(Beginning of Dataset content)

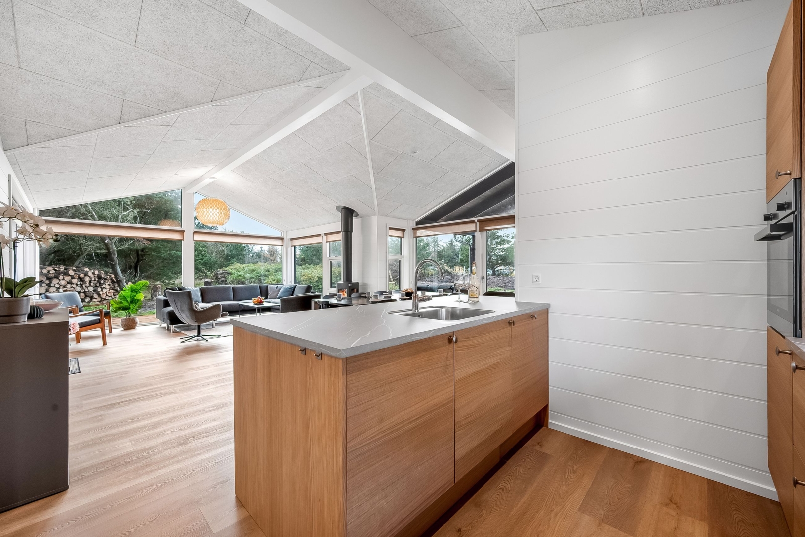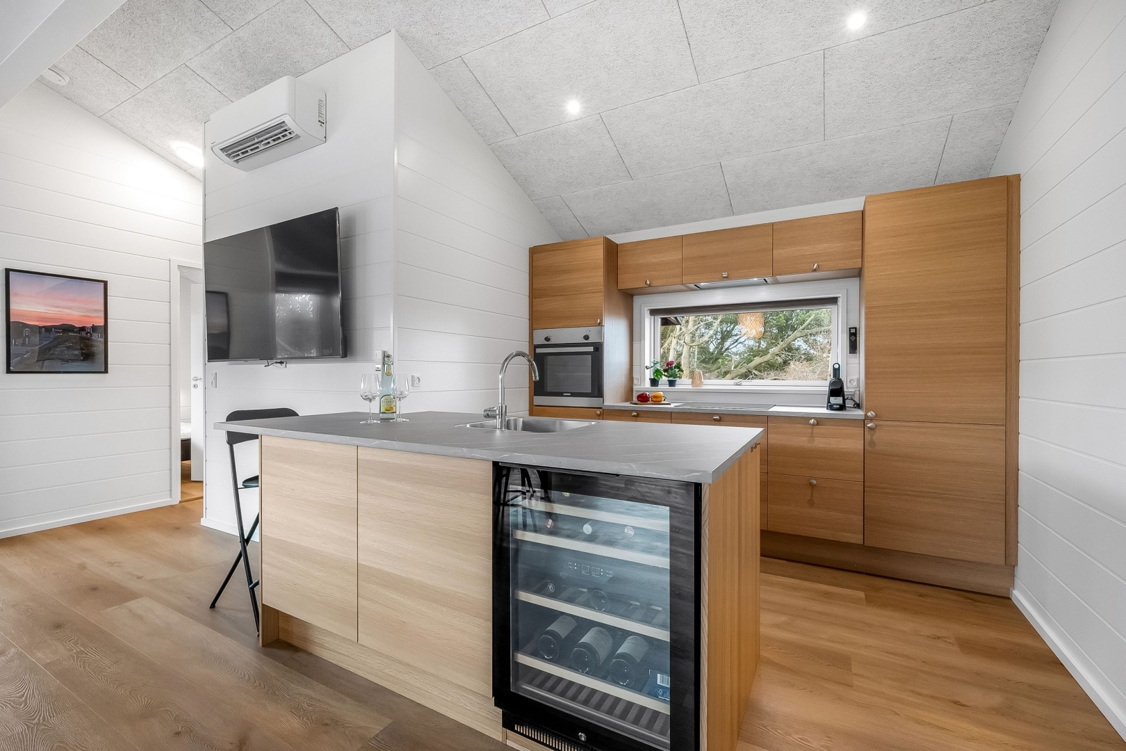 Husets soveværelse er indrettet med gode skabe og har direkte adgang til en solrig morgen terrasse. Derudover finder du et hyggeligt køjeværelse med en 3/4 seng i bunden og et skab. Det veludstyrede køkken er udført med smukke trælåger og et vinkøleskab, og åbner op til den store stue, der har et fantastisk lysindfald. Stuen byder på en brændeovn, god spiseplads og en varmepumpe, der sørger for komfort hele året. Fra stuen er der udgang til den sydvendte terrasse, samt en overdækket vestvendt terrasse, hvor du kan nyde solnedgangen.
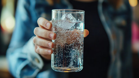 Refreshing sparkling water served in a glass with ice in a casual setting
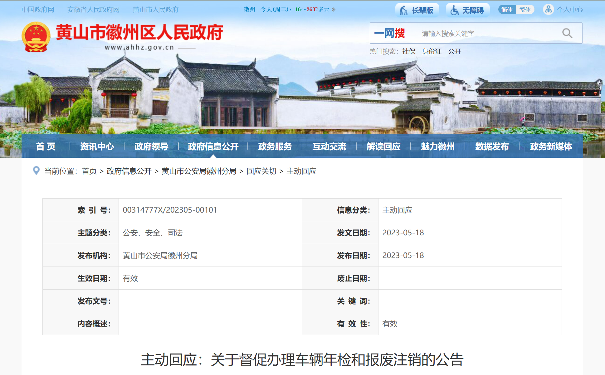 安徽省黃山市公安局徽州分局關(guān)于督促辦理7至9座小型客車年檢和報廢注銷的公告
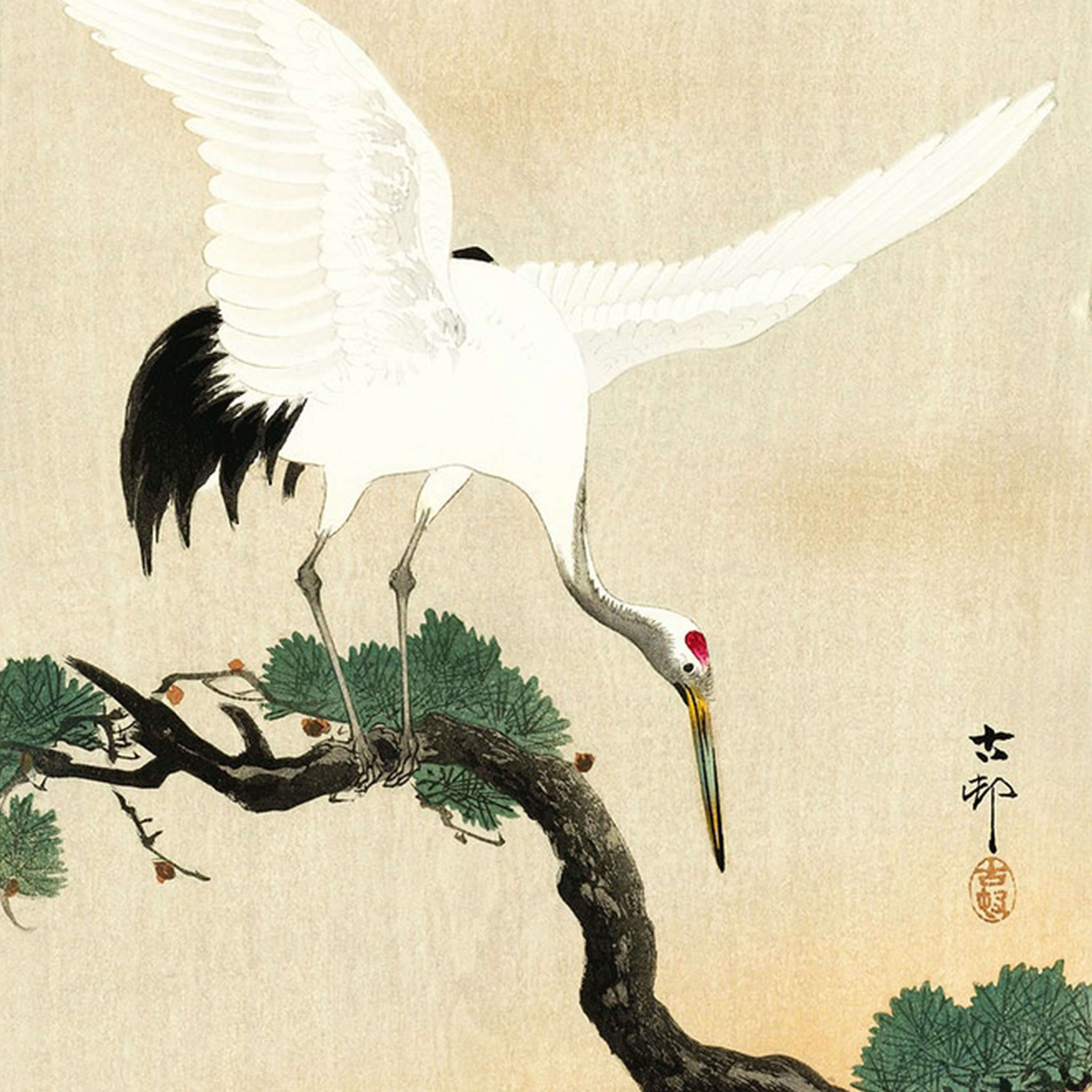 Perhaps the most captivating trait of the red crowned crane is its willingness to put on a show, beginning with a song, followed by a very distinctive dance, which is perfectly captured in the original Alexandra Llewellyn design. Alongside these famously sociable creatures, another popular Japanese symbol, the red poppy, unfurls its vibrant petals.
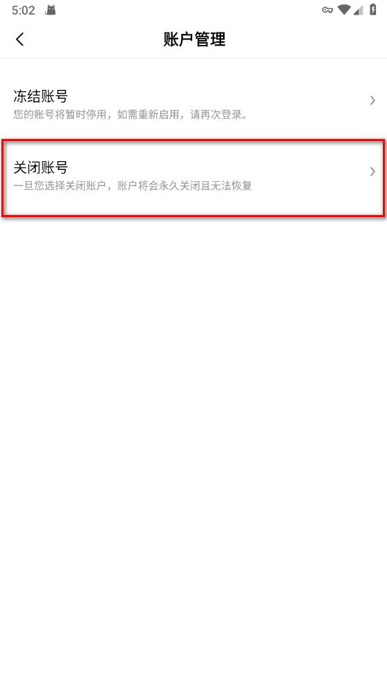 6.选择关闭账号
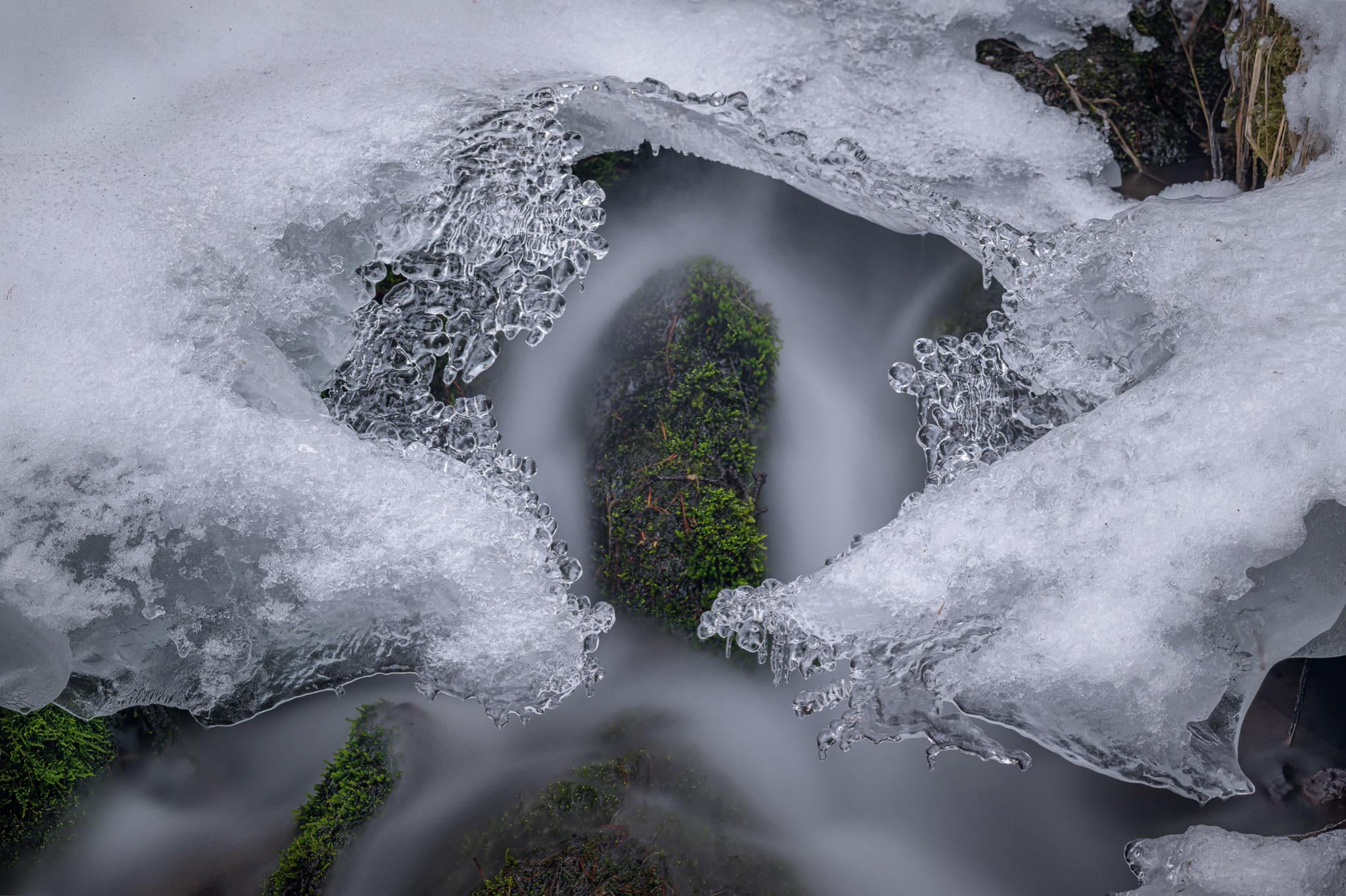 Im Sommer ist dieser kleine Bach von Glockenblumen und üppigem Grün gesäumt. Im Winter gibt es noch ein paar Grünflächen, aber fantastische Eisformationen haben die Show gestohlen!
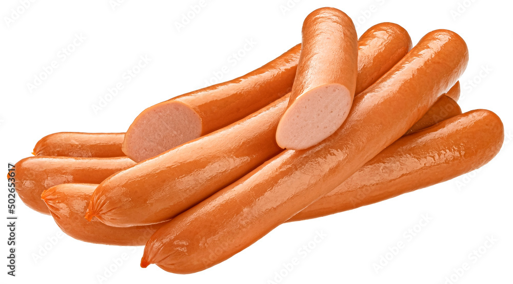 Hot dog sausage isolated on white background, full depth of field

(End of Dataset content)

Required action: Look above for the line containing "Im Sommer ist"; output that line and all lines after it through the last one exactly, without the pictures.

Your response:
 Im Sommer ist dieser kleine Bach von Glockenblumen und üppigem Grün gesäumt. Im Winter gibt es noch ein paar Grünflächen, aber fantastische Eisformationen haben die Show gestohlen!
 Hot dog sausage isolated on white background, full depth of field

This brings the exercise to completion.